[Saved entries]
———

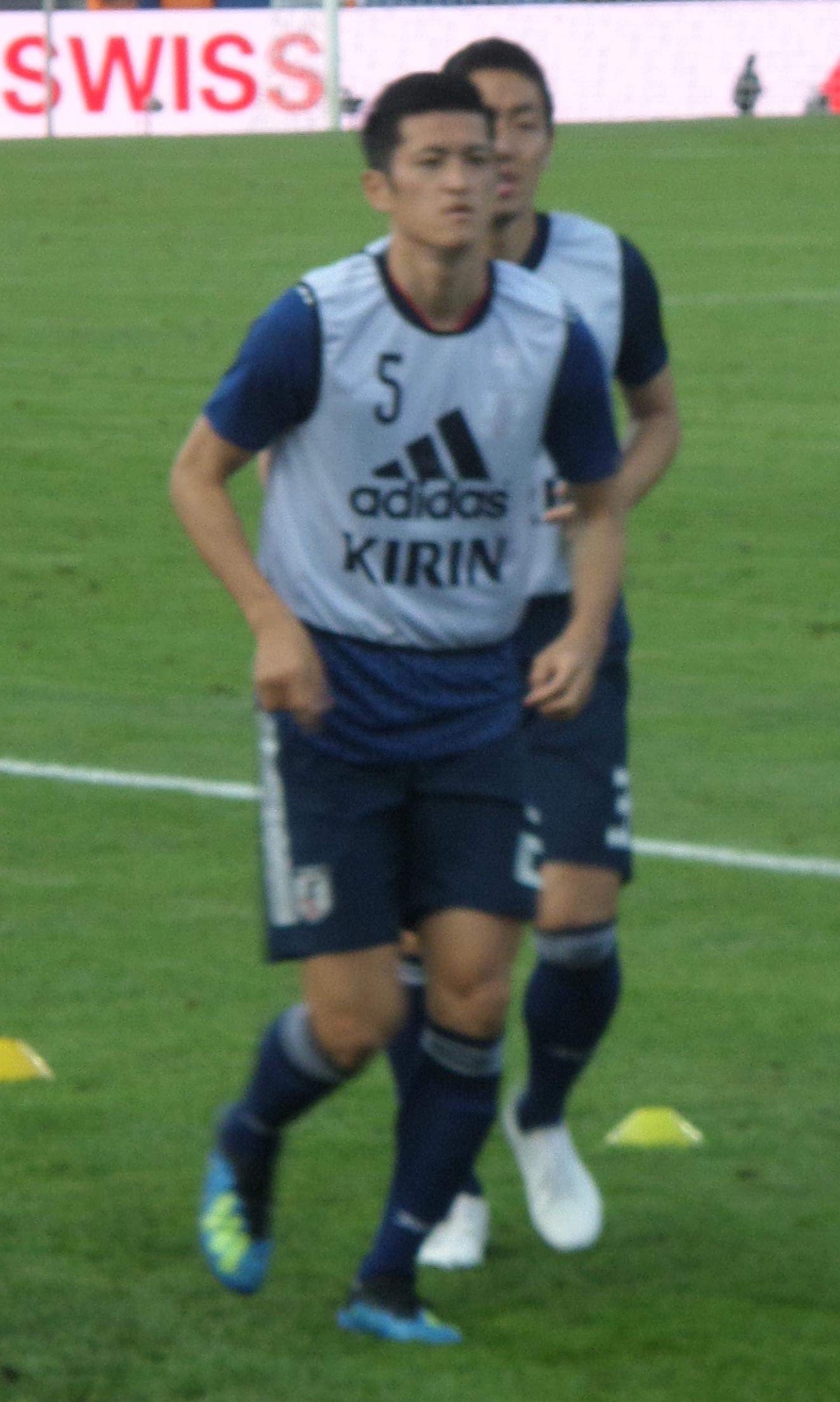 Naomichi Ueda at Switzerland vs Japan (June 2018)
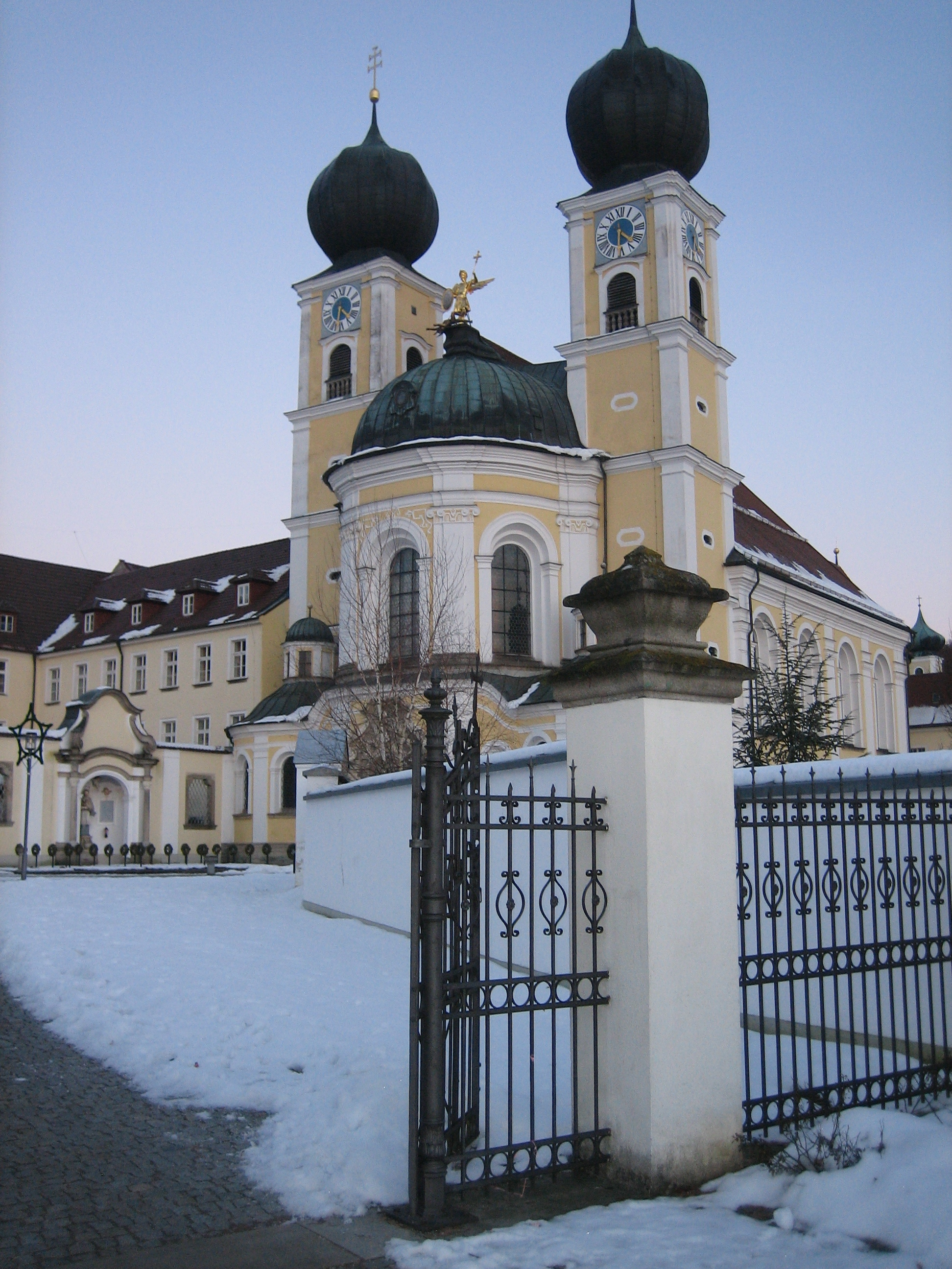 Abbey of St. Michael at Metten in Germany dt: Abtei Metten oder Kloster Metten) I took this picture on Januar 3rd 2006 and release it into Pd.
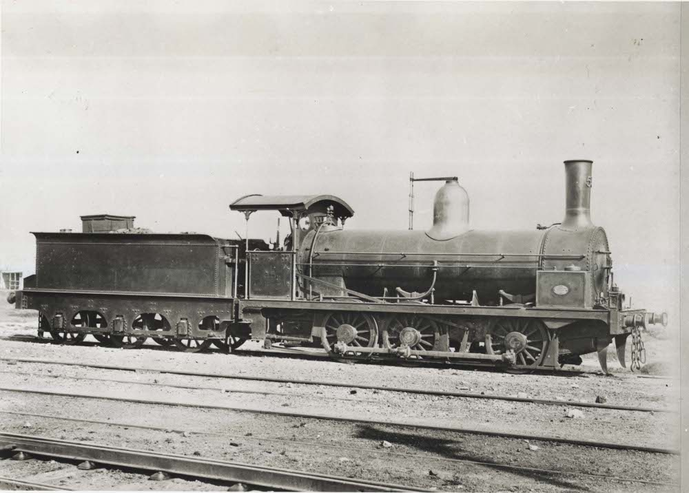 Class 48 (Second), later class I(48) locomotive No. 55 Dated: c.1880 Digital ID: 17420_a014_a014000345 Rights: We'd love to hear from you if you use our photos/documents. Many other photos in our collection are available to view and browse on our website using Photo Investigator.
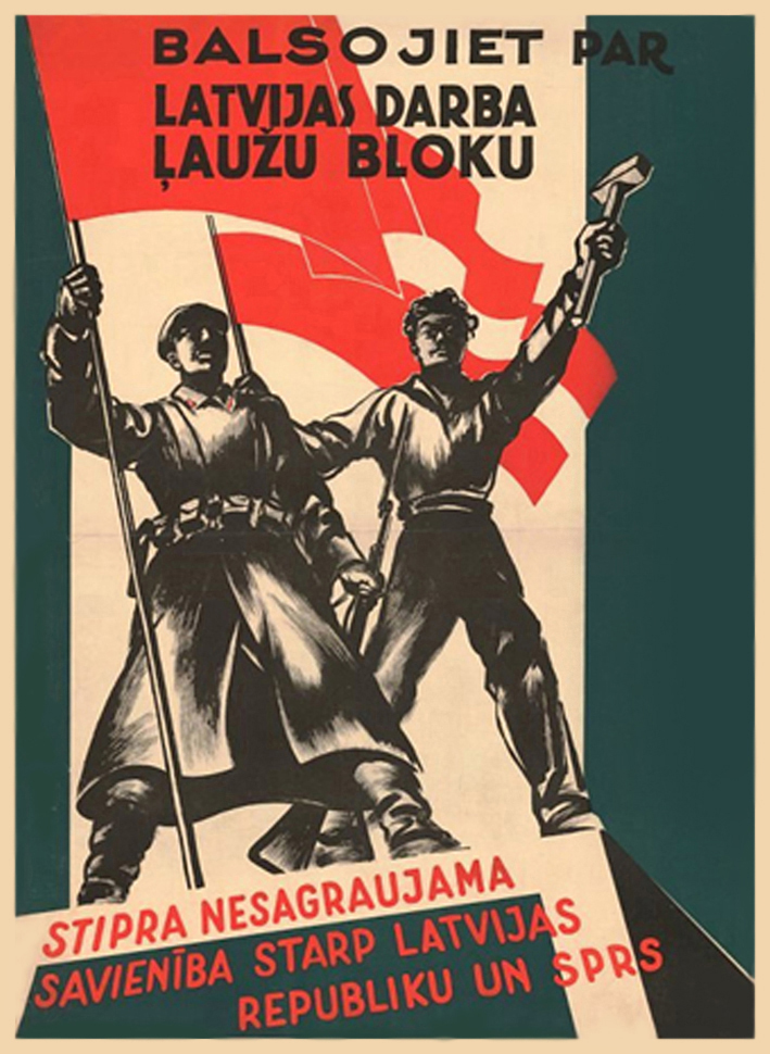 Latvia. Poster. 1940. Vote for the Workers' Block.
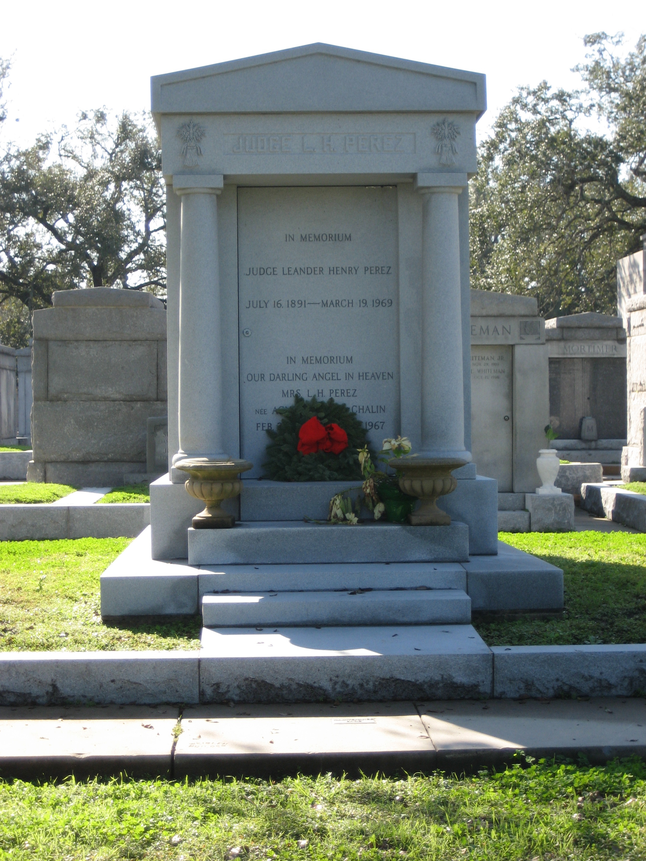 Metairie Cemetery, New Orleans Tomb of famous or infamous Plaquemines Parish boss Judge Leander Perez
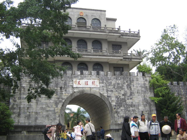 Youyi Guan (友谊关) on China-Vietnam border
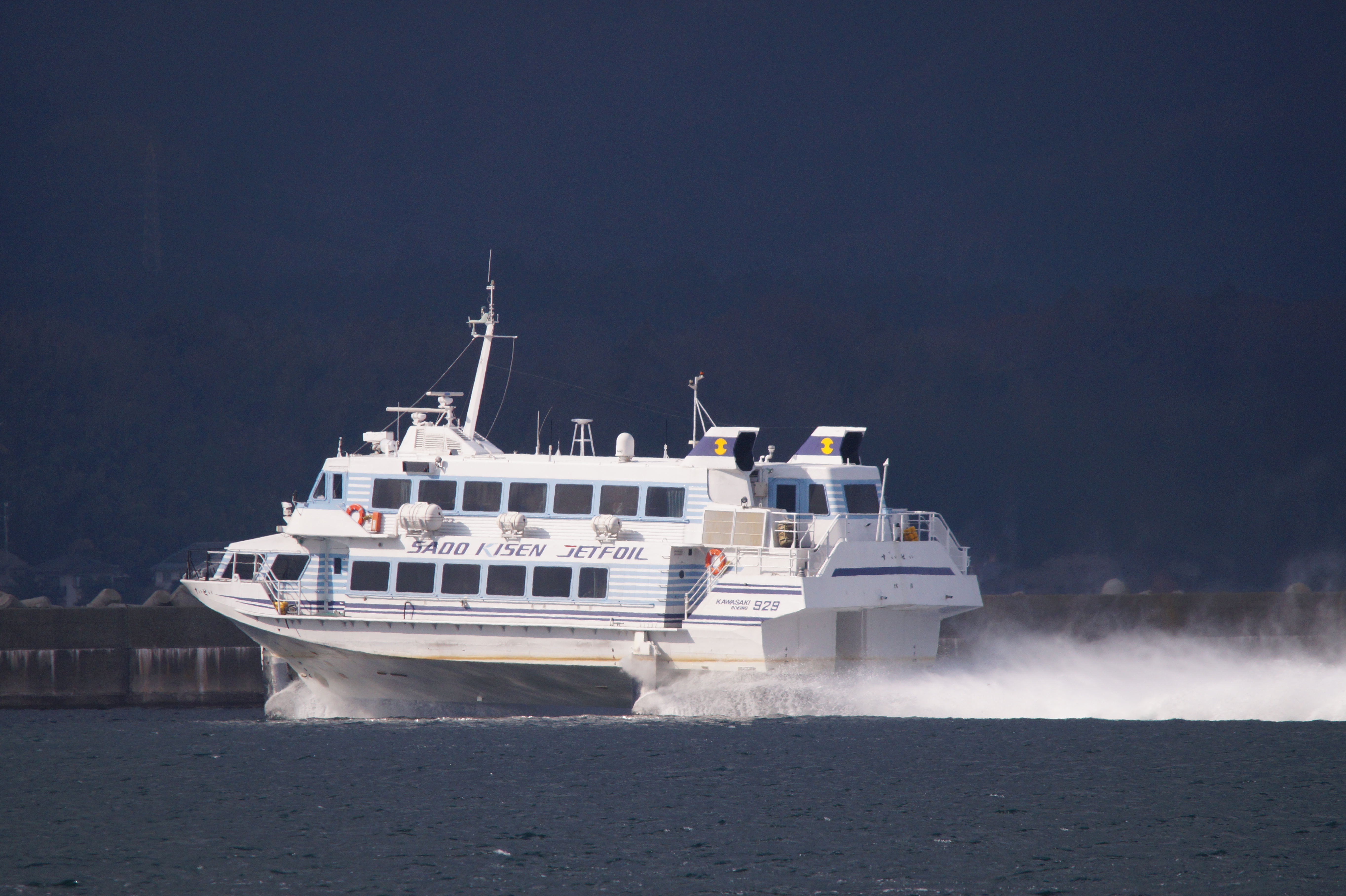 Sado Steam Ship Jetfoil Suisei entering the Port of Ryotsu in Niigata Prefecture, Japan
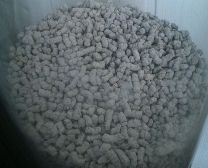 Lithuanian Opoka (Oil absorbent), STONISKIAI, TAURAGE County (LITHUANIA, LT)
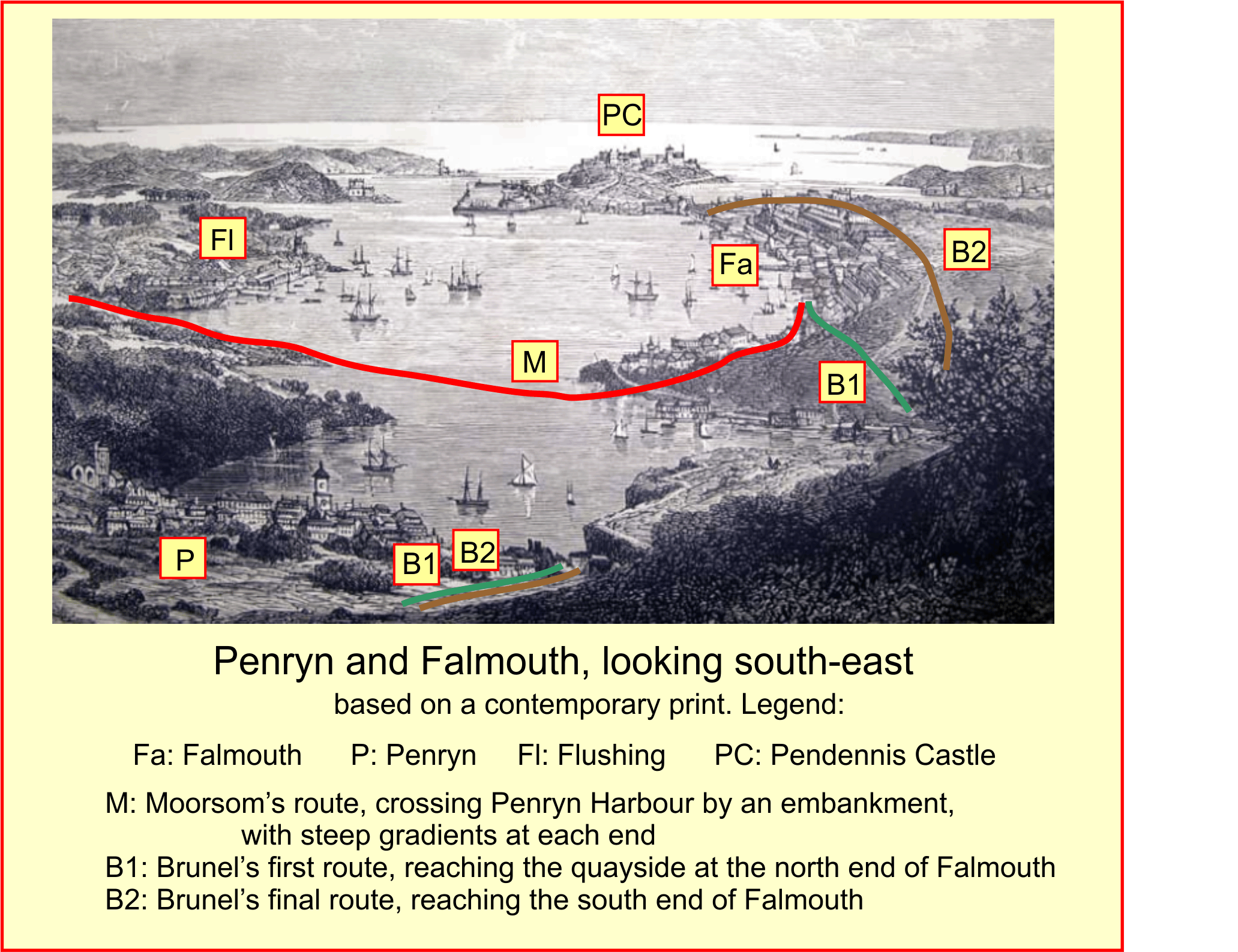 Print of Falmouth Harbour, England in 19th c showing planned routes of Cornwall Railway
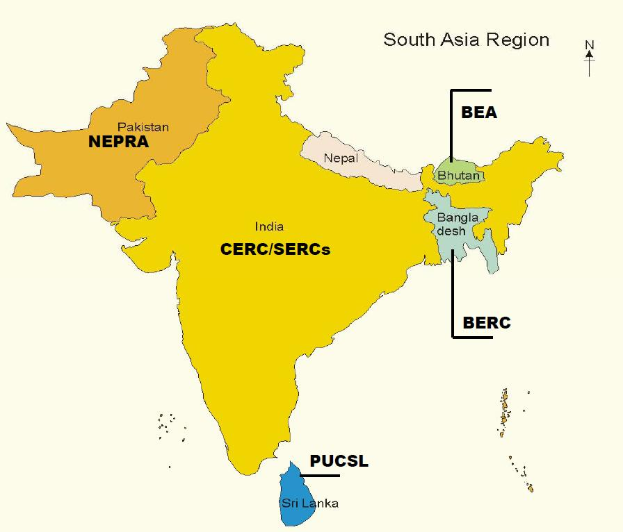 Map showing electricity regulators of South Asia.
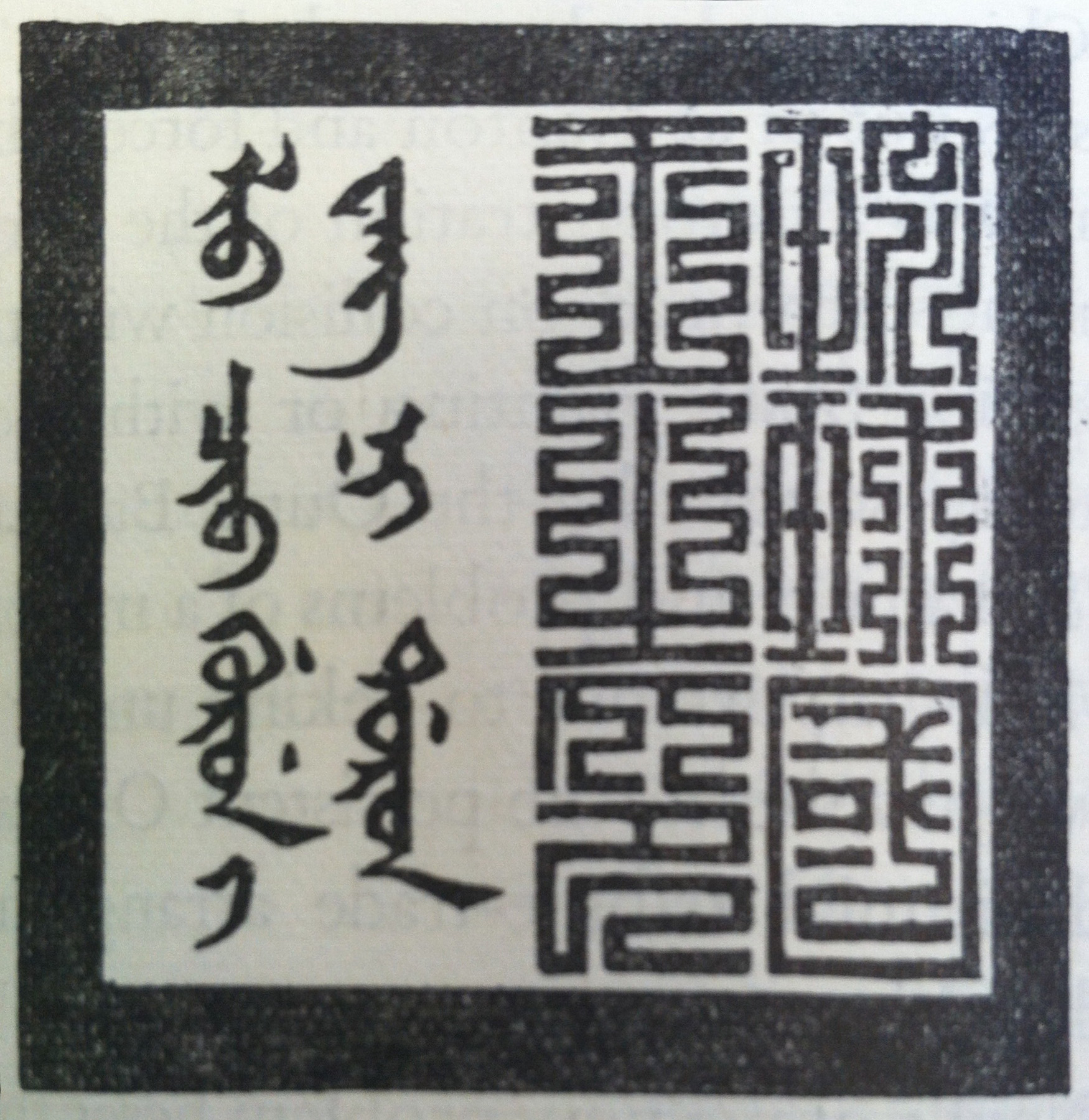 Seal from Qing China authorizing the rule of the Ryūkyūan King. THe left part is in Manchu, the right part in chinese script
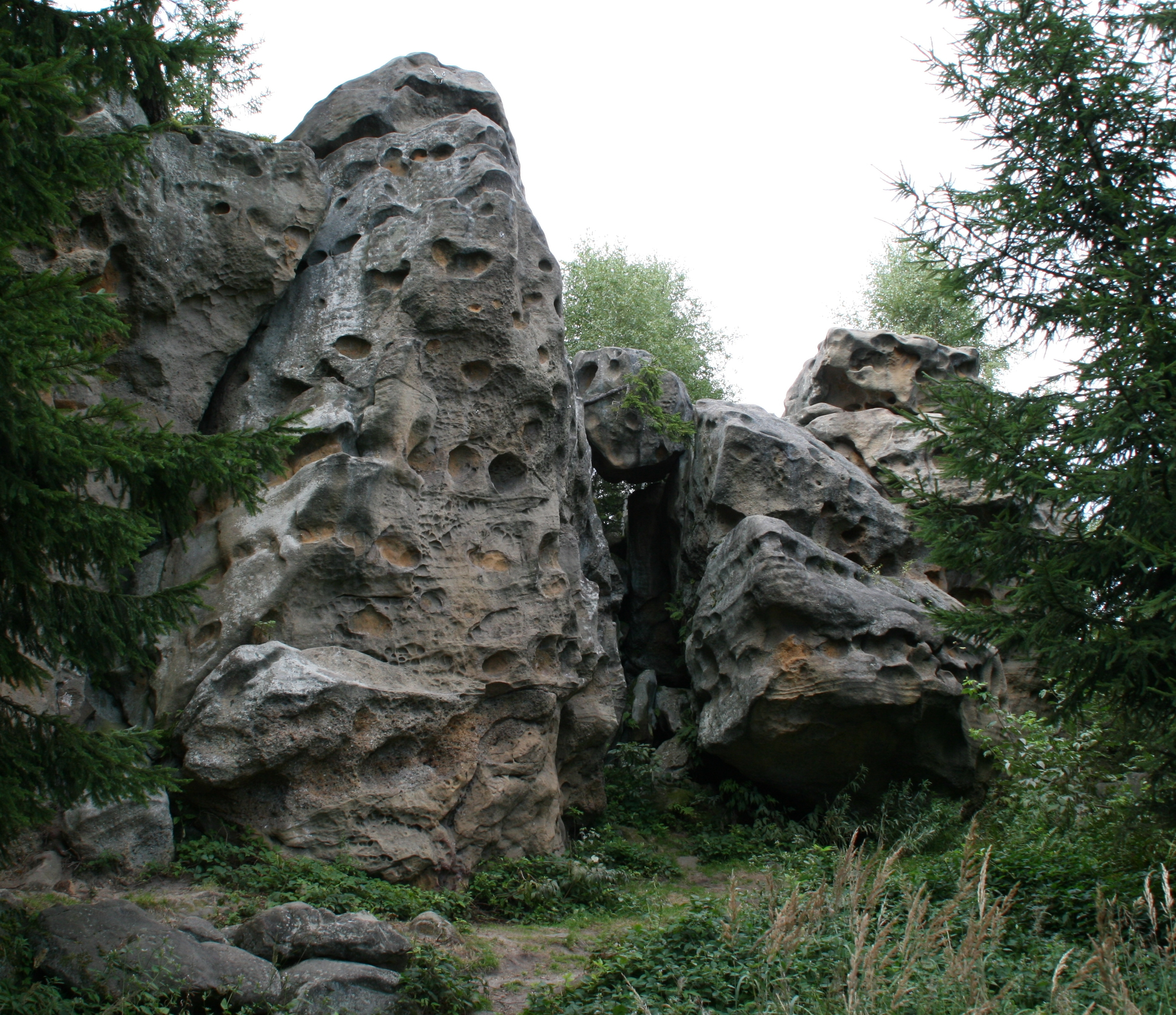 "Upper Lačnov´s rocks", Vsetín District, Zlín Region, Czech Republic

———

_THE TASK_.
Output all of the data exactly as it stands, minus any images.

_PROBLEM SOLUTION_.
 Naomichi Ueda at Switzerland vs Japan (June 2018)
 Abbey of St. Michael at Metten in Germany dt: Abtei Metten oder Kloster Metten) I took this picture on Januar 3rd 2006 and release it into Pd.
 Class 48 (Second), later class I(48) locomotive No. 55 Dated: c.1880 Digital ID: 17420_a014_a014000345 Rights: We'd love to hear from you if you use our photos/documents. Many other photos in our collection are available to view and browse on our website using Photo Investigator.
 Latvia. Poster. 1940. Vote for the Workers' Block.
 Metairie Cemetery, New Orleans Tomb of famous or infamous Plaquemines Parish boss Judge Leander Perez
 Youyi Guan (友谊关) on China-Vietnam border
 Sado Steam Ship Jetfoil Suisei entering the Port of Ryotsu in Niigata Prefecture, Japan
 Lithuanian Opoka (Oil absorbent), STONISKIAI, TAURAGE County (LITHUANIA, LT)
 Print of Falmouth Harbour, England in 19th c showing planned routes of Cornwall Railway
 Map showing electricity regulators of South Asia.
 Seal from Qing China authorizing the rule of the Ryūkyūan King. THe left part is in Manchu, the right part in chinese script
 "Upper Lačnov´s rocks", Vsetín District, Zlín Region, Czech Republic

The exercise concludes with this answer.